Mid 19th century: back-formation from metonymy.

Definition of metonym in US English:

metonym

nounˈmedəˌnimˈmɛdəˌnɪm
  • A word, name, or expression used as a substitute for something else with which it is closely associated. For example, Washington is a metonym for the federal government of the US.

    换喻词,转喻词(如Washington是the US government的转喻词)

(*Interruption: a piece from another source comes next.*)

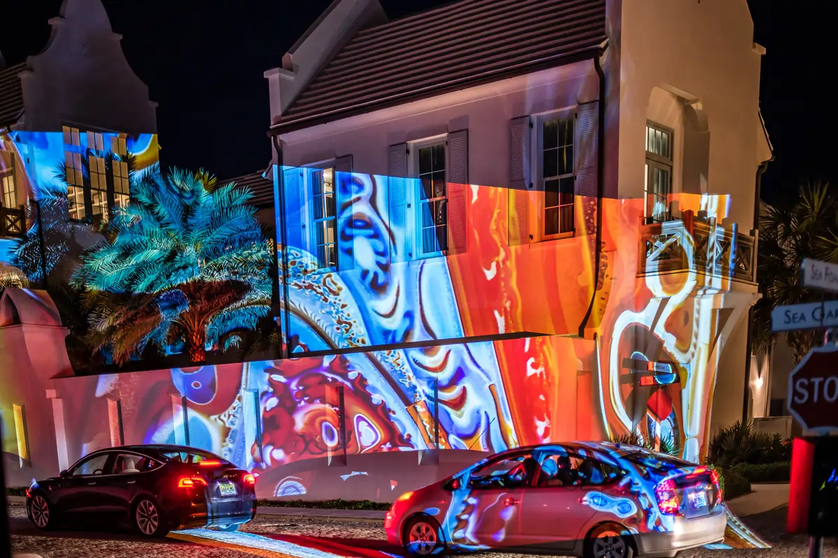 - Open-air digital art: Cutting-edge projections light up Alys Beach's iconic white walls.

    Example sentencesExamples
    • It traces the process by which the self and its metonyms (here imagination and ideas) manifest themselves in and connect with the exterior - and this is primarily, indeed unavoidably, through language.
    • Even if skin color were taken as a signifier for race, a metonym for some racial homunculus, all it would prove is a trope, not an index.
    • They have become important unifying symbols in Western green politics, representing environmental health and social vitality, as metaphors and metonyms for the whole of ‘nature’.
    • In such cases, verisimilitude takes over motivation, because each word of that story will expatiate on or repeat the nuclear word that begets it, for each such word is also a metonym of that nucleus.
    • I think the word the author was searching for is metonym - a word or phrase which is substituted for another with which it is closely associated, as in the use of ‘the sword’ for ‘military power’.
    • I would like to offer a variant definition and suggest that metonyms, like commuters, do not always make their connections.
    • As such, these elements function as metonyms for the entire language, and their frequent repetition constitutes a convincing representation of English.
    • By the end of the nineteenth century, however, the representational practices that sought to establish the naturalness of the body as a metonym for the naturalness of the unified subject were becoming increasingly problematic.
    • The Lacanian opus is built upon the power of the signifier, the capacity of the noun, not just to represent, but also to signify various representations that can be in relation with one another, e.g. through metaphors and metonyms.
    • The Panama hat came to signify secular Turkish citizenship and functions as a metonym for the transformation of the Oriental Ottoman to the Western Turk.
    • Actual monuments or public architecture imbued with monumental significance function as metonyms of civic pride and power, as well as tacitly understood repositories of the nation's ‘sacred’ memories.
    • These symbols are the visual metonyms of Asian essentialism that have stagnated Asian Canadian discourse for some time.
    • At the same time ‘codes’ of ethnic, social and racial self-recognition along with historical traces and cultural metonyms are emphasised.
    • The metonym I am describing is more than a ‘reality effect’ but less than a link in a dangerously mobile semiotic chain; no frightening or anxiety-provoking associations need be made to it.
    • Frequently Shakespeare serves as a metonym for ideologically charged concepts - literature, classical theatre, highbrow culture, intellectualism - against which popular culture defines itself.
    • The nominees are metonyms for the skewed reality that is America - the population vote for an individual.
    • The I of her narrative is a masquerade, and her identity is never more than a metonym for an endless chain of signifiers.
    • Time flows, as people have said for centuries: originally this was not a metaphor for abstract time, but a metonym.
    • A hyperlink is both a metaphor and a metonym; in the online world, it not only represents the link between people - it is the link between people.
    • And of course there's the flow of milk and honey: sticky secretions that hold memories and traces of old desires and sensations (as well as being a metonym for New Zealand itself, land of milk and honey).

Origin

Mid 19th century: back-formation from metonymy.